Since enactment of the amendment in 2009, the funding has directed over $705 million toward artistic and cultural projects and programming statewide. That’s created a blossoming of public art, which has enlivened our area communities and enhanced the quality of life for millions of Minnesotans.
Minnesota has long had a reputation for supporting the arts. Before passage of the legacy amendment, Minnesota was in the top ten (ninth to be exact) among states in per-capita investment in the arts. Today, Minnesota ranks number one, investing an average of about six dollars per person. It’s amazing what that six dollars can buy, especially for communities outside the Twin Cities metropolitan area, where the impact has been the most profound.
The arts aren’t just good entertainment. They’re good business, too. In fact, a 2019 study by the nonprofit group Creative Minnesota, concluded that the arts generated nearly a $100 million in economic activity in the seven-county Arrowhead region alone. That included money spent by audiences as well as the incomes generated by the artists themselves.
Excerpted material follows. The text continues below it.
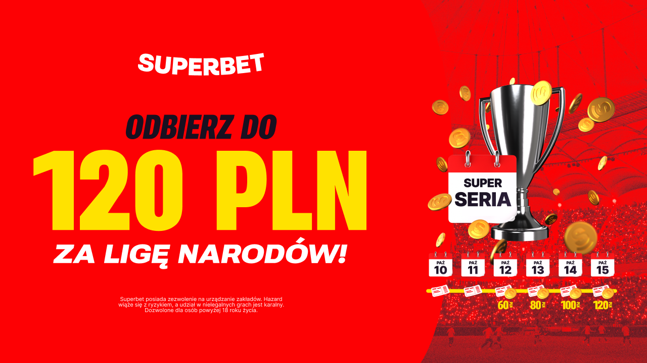 👉 Postaw kupon (solo/multi) za min. 20 PLN, zawierający wyłącznie zakłady Superbets i/lub zakłady Bet Builder na mecze Ligi Narodów UEFA w piłce nożnej z bieżącego dnia. Gracz musi postawić przynajmniej 1 taki kupon dziennie, przez okres minimum 3 kolejnych dni.

That impact is helped by the fact that the Arrowhead region regularly ranks second in their participation in arts programming among the state’s eleven regions. Residents here in the North Country are eager for arts programming and we show up when it’s available.
There is evidence that an active arts community is good for seemingly unrelated businesses as well. A 2017 study by the National Endowment for the Arts and the U.S. Department of Agriculture, found that rural counties with active arts communities or performing arts centers were more likely to attract new and innovative businesses. It’s an interesting correlation and the researchers concluded that innovative individuals, who are more likely to start innovative businesses, were more likely to locate in areas with an active arts scene. In effect, the arts act as a kind of magnet for innovative people— the kind that bring new vitality to communities and economies.
That new vitality is becoming evident in communities in our region, and we believe the arts are playing a role in making it happen. It’s something to celebrate.